だがドルが基軸通貨であることがドルを支えている。ドラッケンミラー氏はこう続けている。

だが基軸通貨のお陰で、アメリカは死んで土に還るまで穴を彫り続け、自分の墓を完成させることができる。

それが良いのか悪いのか、アメリカ国民は考えるべきだろう。少なくともドルが基軸通貨から滑り落ちる瞬間は緩やかにだが近づいている。

結論

これは様々な別の問題にも言えることである。例えば先進国は経済の規模が大きいため負債を増やしてもすぐには破綻しない。あるいは紙幣印刷のお陰で永遠に破綻しないが、代わりに何十年もの時間をかけて増税と自国通貨の下落がその国を蝕んでゆくのである。

ドラッケンミラー氏は不吉な未来を予想している。

それが出来る間は良いし楽しいだろう。だがその特権でどんどん大きな穴を掘ってゆくと、いつか結果が伴う。そして皮肉なことに十分に掘ってしまった後には元々の特権は多かれ少なかれ失われている。そして結果だけが残る。

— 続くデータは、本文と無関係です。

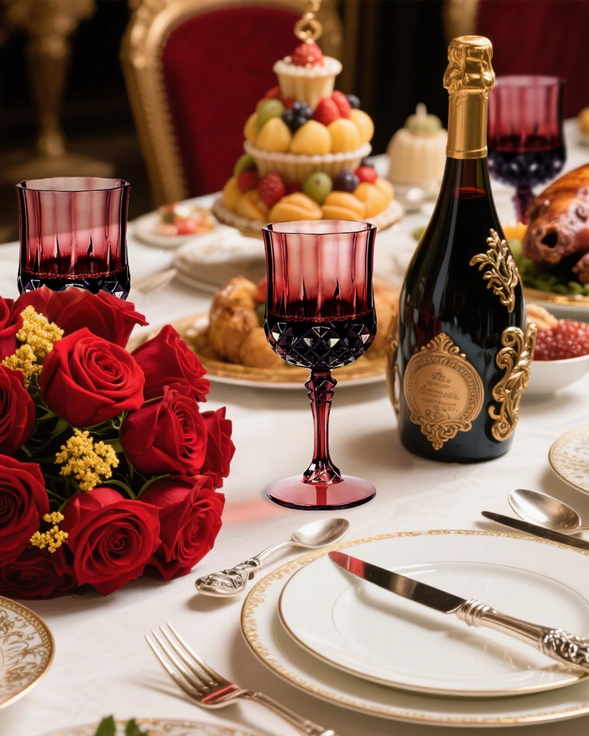 • Multi-occasion use: These 7 Oz disposable burgundy wine glasses can be used in various occasions, such as entertainment events, weddings, bars, or casual gatherings. These plastic wine cups blend seamlessly with tableware. Plastic goblet glasses can not only serve as table decorations but also hold wine, beer, cocktails, juice, and so on.
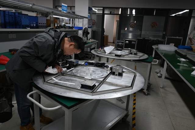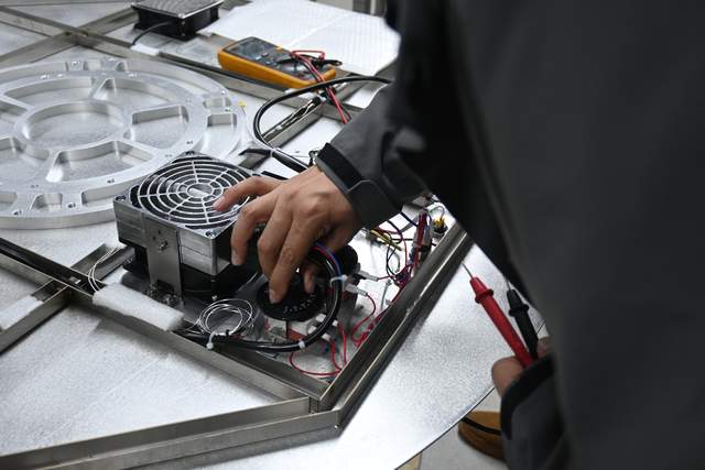 雷可达工作人员查看高低温雷达防护系统底部设备

日本はいまだにインフレ抑制のためにインフレ政策を行なっている。この自民党の会心のジョークはまだ誰にも理解されていないようだ。

筆者はもはや人々がこうした放火政策の馬鹿さ加減を理解するとは考えていない。馬鹿が自分の愚かさで滅んでゆくのを止められるだろうか。

投資家として出来ることは、インフレや年金など、馬鹿の生んだ結果から身を守ることを考えるだけだろう。